I would like to add a background image to an Excel sheet covering the whole page and print it.

  • A background in Excel is only shown on screen and not printed.
  • Using a large image as header in Excel works but leaves a lot of white space.

I tried generating a 'background' PDF and using pdftk to merge them, which worked well a couple of years ago but I am no longer able to find a working version of pdftk (see for example https://trac.macports.org/ticket/48528).

pdftk excel.pdf background background.pdf output out.pdf

Is there another way to achieve the same result?


A screenshot of what I was able to achieve with a PDF background:

A screenshot of what I was able to achieve with a PDF background

All the Excel solutions have some margins.

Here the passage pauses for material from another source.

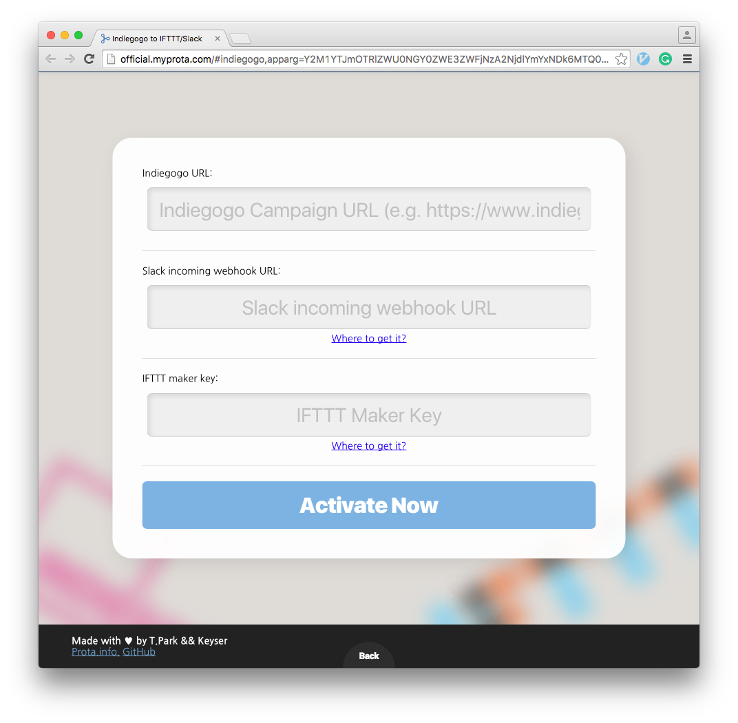 About a week ago, I made a small script for monitoring any Indiegogo campaign and integrating with IFTTT and Slack (https://www.producthunt.com/tech...). I'm opening a web service that does the same without executing any python scripts on your computer (no git clone, either). It should be a lot easier now😀

  • Does extendoffice.com/documents/excel/… help? – nohillside Aug 31 '15 at 6:34
  • It has the same effect as putting the image as a header. It will not cover the whole page. – Matteo Aug 31 '15 at 6:39
  • I may have missed this, but what version of Excel? 2011 or 2016? – bjbk Aug 31 '15 at 23:03
  • @bjbk I have both, any solution would be OK (even Open or Libre Office could be an option). – Matteo Sep 1 '15 at 5:47
  • I do it routinely with Numbers. But there are limitations with formulas. (No array formulas) – bjbk Sep 1 '15 at 10:45

You mention in the comments that you are open to other solutions outside of Excel. That being the case, I found Apple Numbers to do well with using a PDF form as a background image. This requires no outside software to modify the original PDF.

Embedding the PDF

To begin with, select the PDF you wish to use. If it is a multi-page document, I find it works best to separate the pages by copying them to individual sheets. (They can still all be printed or exported together as a single document from Numbers.)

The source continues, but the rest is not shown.